Exercises
Virtual environments
It’s a good idea to run the exercises in a virtual environment. This way you avoid conflicts between the dependencies for difference exercises and your project.
We recommend using conda on Triton. Note that you need to run
source activate
and not conda activate
.
module load miniconda
conda create -n ENV_NAME python pip
source activate ENV_NAME
pip install -r requirements
We recommend using conda on Triton.
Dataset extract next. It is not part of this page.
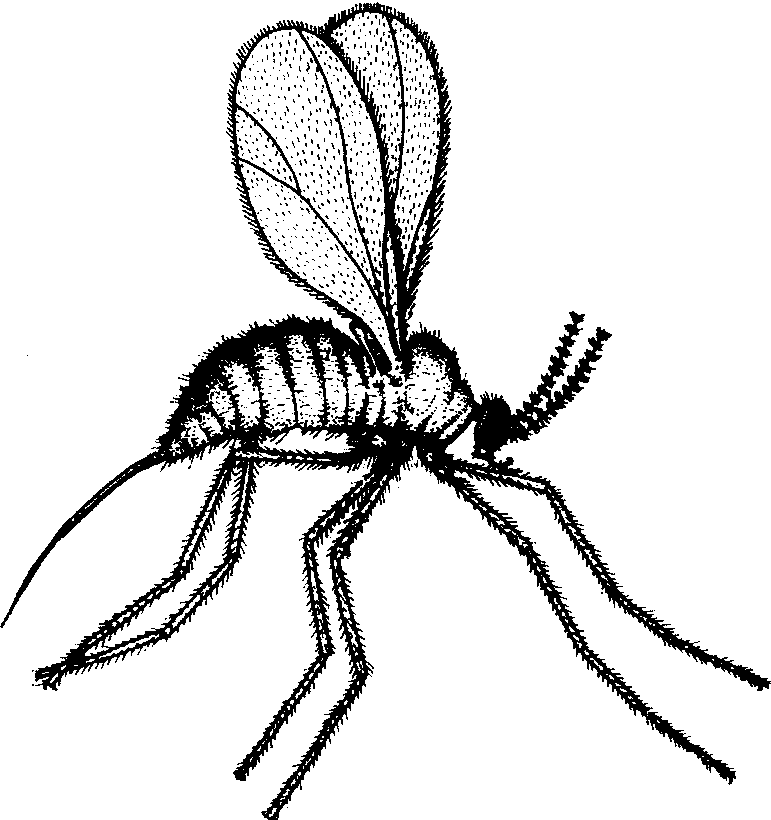高粱瘿蚊(雌) 在美国得克萨斯州以滞育幼虫在寄主植物的小穗颖壳内作一薄茧越冬。越冬幼虫大部分在春暖时开始化蛹。但化蛹期很不整齐,部分幼虫可以连续滞育2~3年。当4月中旬野生假高粱和其他野生寄主植物开花时,首批羽化的成虫即在其上产卵,繁殖第一个世代。当栽培的高粱进入盛花期,越冬代幼虫大量羽化为成虫,此时在假高粱上繁殖的第一代成虫也在羽化,因此有大批成虫飞集到开花的高粱上产卵繁殖。成虫羽化后即可交配。雌虫产卵于高粱小穗的颖壳内。成虫寿命约一天。卵期2~4天。幼虫期9~11天。蛹期2~6天。完成一代约需14~16天。每年约发生13代。各代幼虫都有部分滞育,解除滞育需得到一定的雨水。年降水量在400毫米以下时,不利于发生; 但年降水量过大,对发生有抑制作用。在苏丹,成虫出现始于9月下旬,直至12月末,在田间都可找到高粱瘿蚊的各虫态。12月底至1月初,大部分幼虫作茧休眠,至下一个生产季节才恢复活动。 可利用天敌防治。高粱瘿蚊寄生蜂有啮小蜂(Te-trastichus sp.)及Aprostocetus diplosidis和Eupelmus popa等。捕食性天敌有火蚁等;选用抗虫品种和花期一致的良种,适当提早播种,加强田间管理、清除野生高粱可减轻为害; 药剂防治可在高粱抽穗露头时喷洒甲基对硫磷、甲萘威等,对有滞育幼虫的种子可用溴甲烷熏蒸处理; 严格检疫,高粱瘿蚊是以幼虫在寄主植物种子内休眠,可随寄主植物种子的运输而传播。对于尚未脱粒的成束的穗头,带虫的可能性更大,应禁止自疫区输入。对发生地区输出的寄主植物种子应进行严格的检疫。 高粱瘿蚊sorghum midgeContarinia sorghicola Co-quillet,昆虫纲,双翅目,瘿蚊科。中国对外植物检疫对象。分布于印度、巴基斯坦、苏丹、乌干达、肯尼亚、意大利(西西里岛)、塞浦路斯、墨西哥、美国。在美国为害高粱严重。寄主还有甜高粱、帚黍。成虫体长约1.5 mm,胸部橘红色,中胸背板中央和穿过侧板并在腹板扩大的一个斑点为黑色,腹部橘红色,翅灰色透明,雌虫产卵器长,针状。幼虫体长约2 mm,深红色,圆筒状,两端微尖。以幼虫休眠体在寄主小穗内越冬。产卵于发育种子的外颖内壁。幼虫吸食发育中种子的汁液,使之变成秕粒。幼虫在小穗内化蛹。宜加强检疫措施,防止传入。在发生地区消灭带越冬幼虫的残株,及野生寄主如约翰生草、苏丹草可减轻危害。

Note that you need to run
source activate
and not conda activate
.
module load Miniconda3
conda create -n ENV_NAME python pip
source activate ENV_NAME
pip install -r requirements
On CSC clusters, you can use pip-containerize
to create a container
for the virtual environment.
module purge
module load tykky
mkdir MyEnv
pip-containerize new --prefix MyEnv requirements.txt
export PATH="$PWD/MyEnv/bin:$PATH"
Exercise 1.1
Try to reproduce the results from How to choose the number of cores by timing a series of runs using the example code on your cluster.
Exercise 1.2 (optional)
Apply the methodology from How to choose the number of cores by timing a series of runs to your own code to find the optimal number of cores to use.
Exercise 1.3
Try to reproduce the results from Measuring and choosing the right amount of memory using the example code on your cluster.
Exercise 1.4 (optional)
Apply the methodology from Measuring and choosing the right amount of memory to your own code to find how much memory it uses.
Exercise 2.1
This code runs a parameter search with a fast simulation step. The
function simulate
runs on GPUs and is very fast. How would you
improve the I/O performance of this code?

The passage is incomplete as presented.